Mr Fatah would like to reassure his patients who have had Breast Augmentation or Breast Reconstruction under his care, that he has never used PIP Implants in any of his patients.

Here are answers to questions you may have about PIP implants...

Private Operations

Q: I know that I have PIP implants and I experience pain and/or swelling and burning sensation in my breast(s) and/or have developed lumps in my under arm(s). What should I do?

A: These are signs of a ruptured PIP implant and you need to arrange to have them removed. Seek early advice and contact your clinic, hospital or surgeon to get advice. If you think you are not progressing, ask your GP to refer you to a qualified plastic surgeon and arrange to have both implants removed. Remember, you could be entitled for NHS treatment under these circumstances.

Q: I had Breast Augmentation sometime ago, but I am anxious because I do not know what type implants I have. What should I do?

A: Contact the clinic, hospital or the surgeon who carried out your surgery and ask what type of implants were used in your Breast Augmentation. You are entitled to have any information you seek about your medical treatments.

Q: I know that I have PIP implant, but haven't had any problems with them. Should I worry and have them removed?

A: You shouldn't worry about seeking early advice, however, it is advisable to have a consultation at some stage and only if necessary have a scan to check on the integrity of your implants. If the scan shows signs of rupture, you should have both implants removed as soon as possible. If they are intact, you can still have them removed as a precaution, but there is no urgency. Some women may choose to have regular reviews and scans to rule out ruptured implants.
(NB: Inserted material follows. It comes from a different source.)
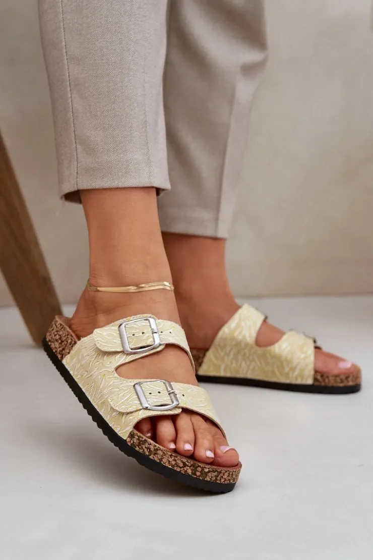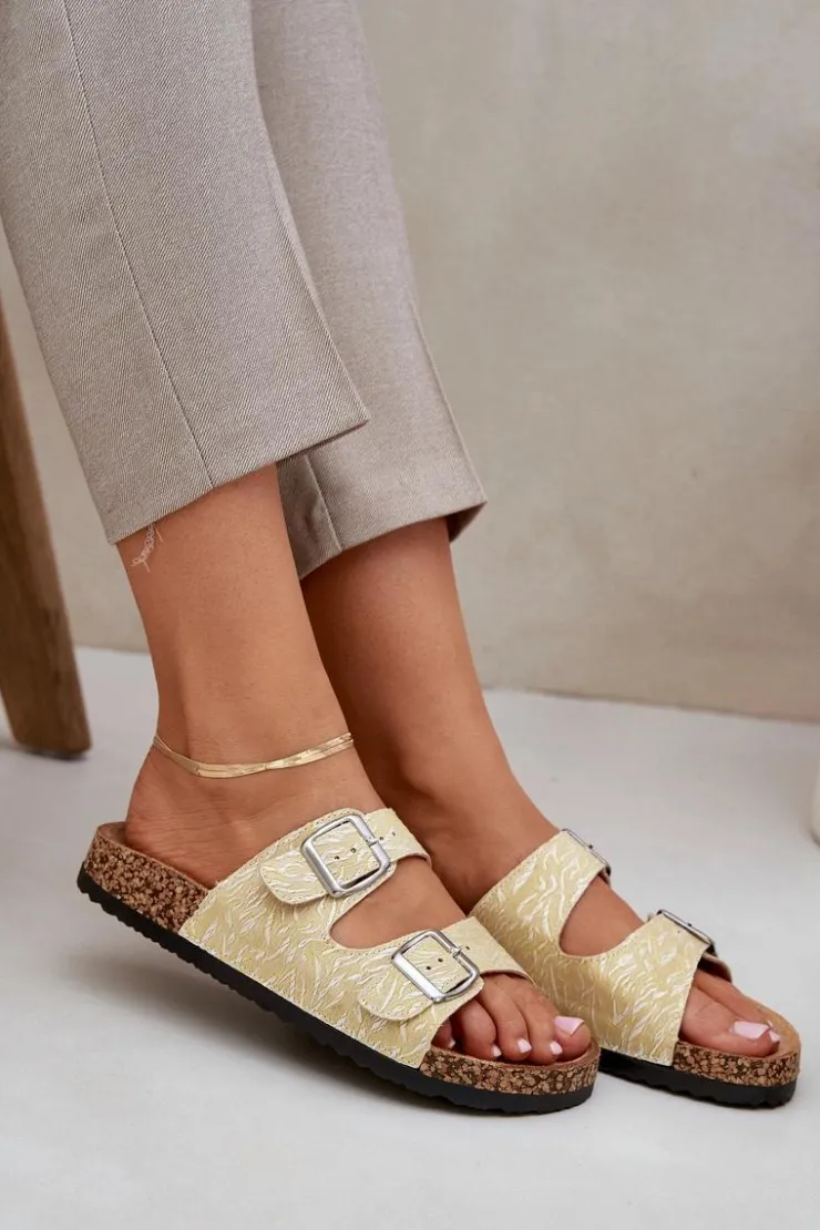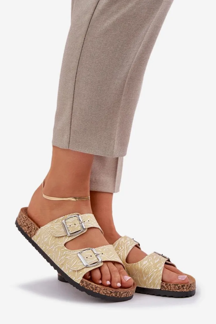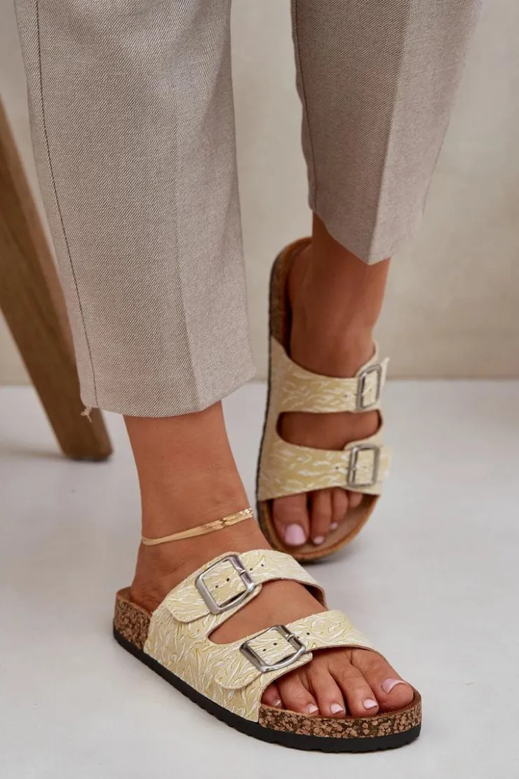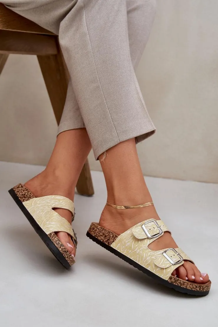 Klapki damskie wykonane z materiału tekstylnego, to doskonała propozycja na ciepłe dni. Dwa paski z klamrami zapewniają łatwe dopasowanie do stopy, a korkowa podeszwa dodaje lekkości i modnego charakteru. Profilowana wkładka gwarantuje wygodę przez cały dzień, czyniąc te klapki idealnym wyborem na spacery czy wakacyjne wyjazdy. Komfort i styl w jednym! Przy wyborze rozmiaru rosimy sugerować się tabelą rozmiarów.

However, you need to consider that a cumulative cost may be involved with the latter options.

Q: I have PIP implants. Am I at increased risk of developing breast cancer?

A: There is no evidence to indicate that the non-medical grade of silicone gel used in the manufacturing of PIP implants increases the risk of developing breast cancer. PIP implants fall below the standards we expect from a medical device that is suitable for implantation in patients; unlike medical grade silicone, it contains an industrial grade gel that can act as an irritant to the breast tissues and cause inflammatory reaction. If ruptured, it can cause pain, swelling and tender lumps in the breasts and the underarms. Therefore, it is advisable that in the long-term, it is better to have your PIP implants removed or replaced as a precautionary measure, even if the implants are not ruptured and you have no symptoms in the breasts.

NHS Operations

If you had your surgery under the NHS, either contact your surgeon at the hospital or ask your GP to refer you back. Otherwise all of the above advice will apply.